We are excited to announce a 2-day Data Science Hackathon that will take place on 21 - 22 April 2024, after the AfAS conference. This hackathon will offer participants the chance to experience the entire pipeline of machine learning, from conception to application. To support their work, we will utilise the advanced South African ilifu data-intensive research cloud facility.
We extend a warm invitation to undergraduate and postgraduate students, as well as young professionals, who are interested in machine learning. This hackathon will not only provide an excellent platform for participants to showcase their skills but also enable them to network with peers from the African community. The event will be centered around teamwork, peer learning, and fun as the participants solve data challenges using machine learning.
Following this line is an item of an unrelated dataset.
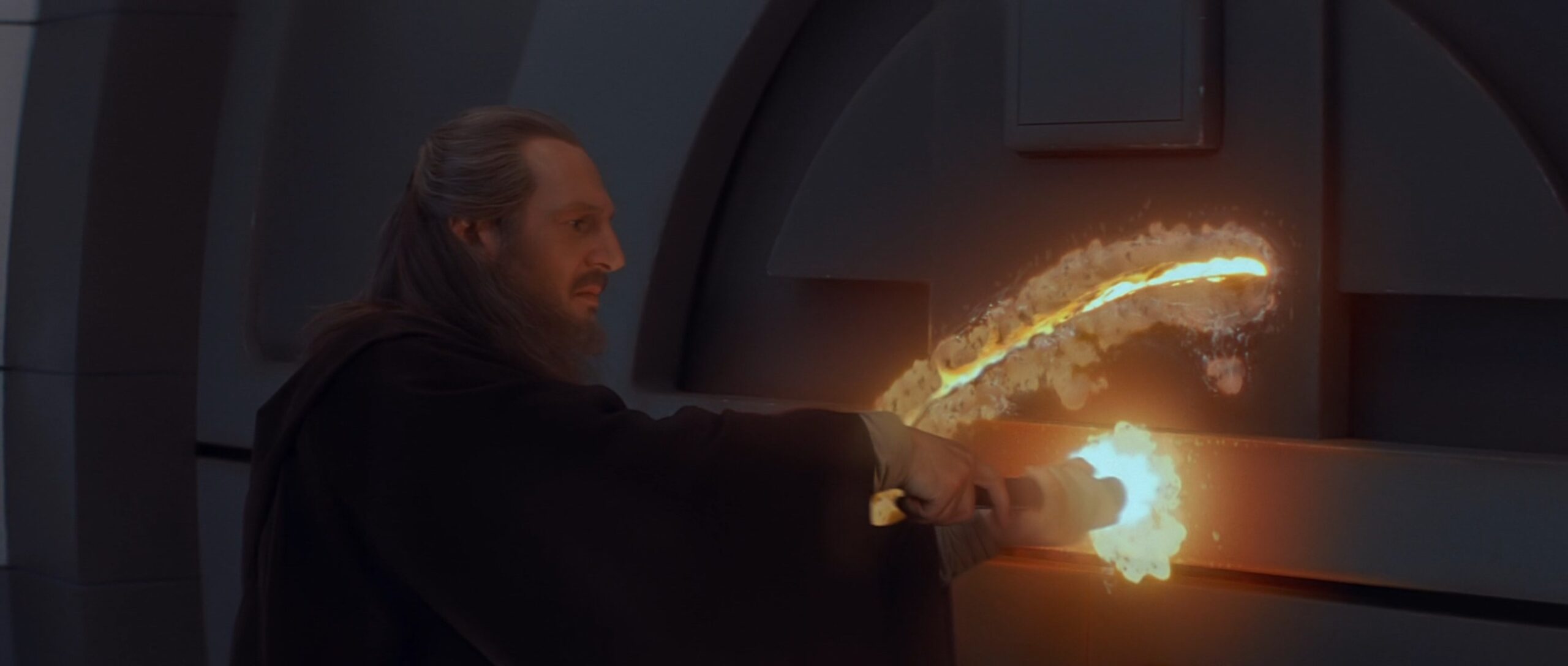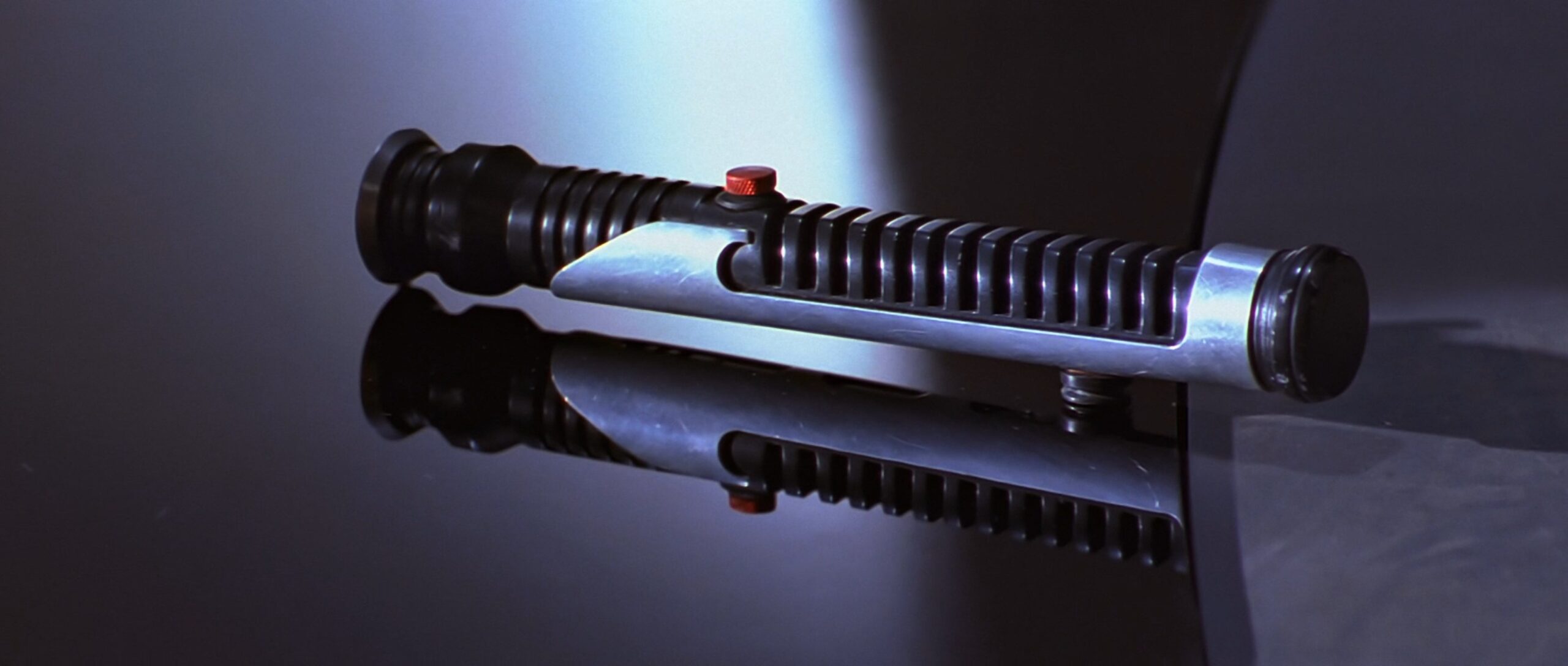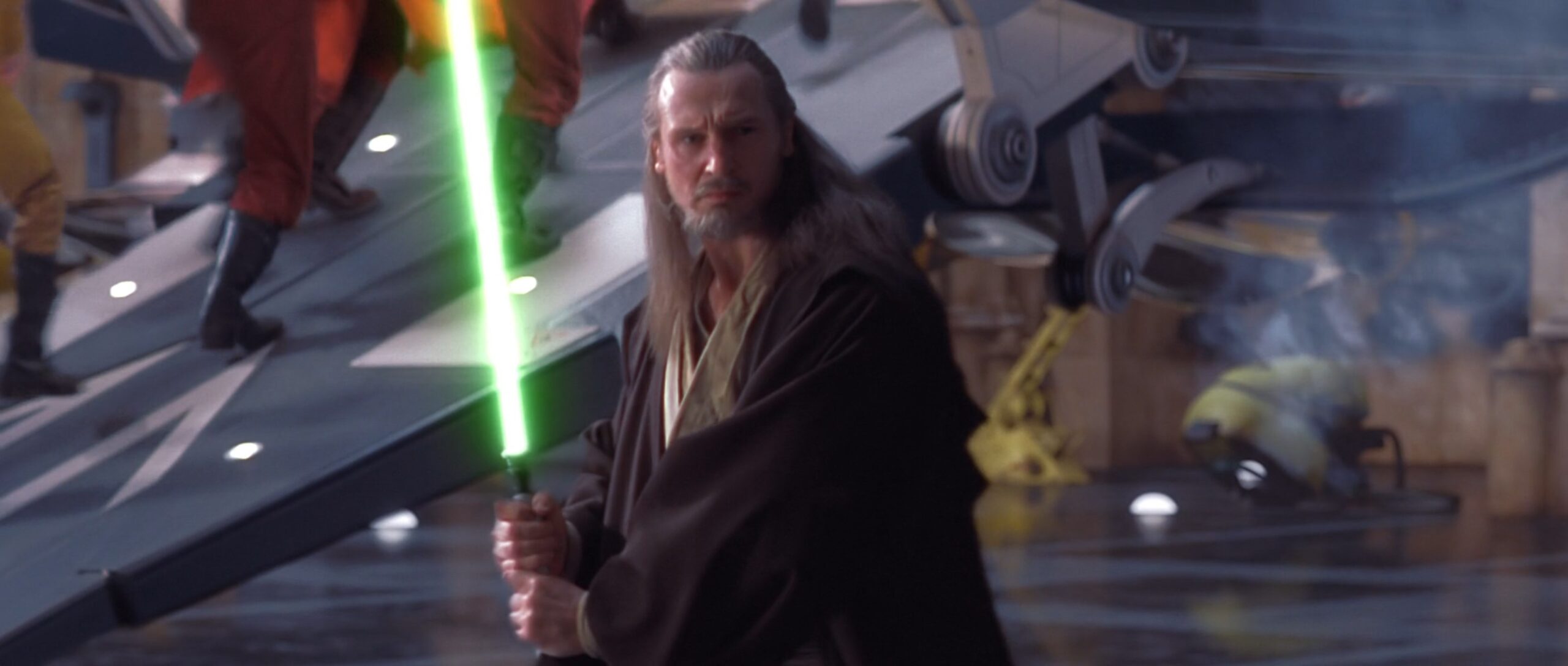 Das Lichtschwert von Qui-Gon Jinn besitzt ein schlichtes, aber elegantes Design mit einem markanten, silbernen Metall-Overlay und schwarzen Griffpartien für besseren Halt. Es begleitete ihn bis zu seinem letzten Duell auf Naboo, wo er im Kampf gegen Darth Maul tödlich verwundet wurde. Danach nutze sein Padawan, Obi-Wan Kenobi es, um den Sith Lord zweizuteilen.
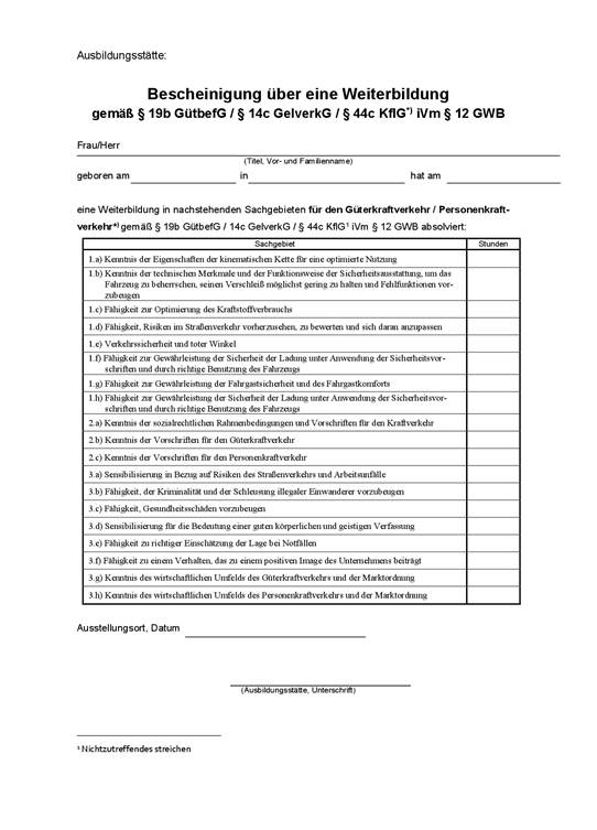Bescheinigung über eine Weiterbildung gemäß § 12 Abs. 5 GWB

During the hackathon, participants will have access to tutorials and receive guidance from mentors. They will form teams of five and commence their work on the data challenge by employing machine learning techniques. Following the hacking period, teams will prepare a presentation showcasing their results on the task and present it to a panel of expert judges.
Transport and accommodation will be provided for all selected participants who are from African countries.
• Registration is open until – 15 January 2024
• Attendance confirmation by – 31 January 2024
• Event 21 – 22 April 2024
The hackathon is suitable for undergraduate and postgraduate students, as well as young professionals residing in Africa who have Python experience and a keen interest in data science and machine learning.
Please Note: Selected applicants must submit a recommendation letter from their supervisor/manager indicating their Python skills.
Participate in this event to utilise your data science skills, contribute to research in multi-wavelength astronomy, and foster connections within the African community. In addition, participants will be able to attend the informative AfAS conference scheduled to take place on 15 - 20 April 2024.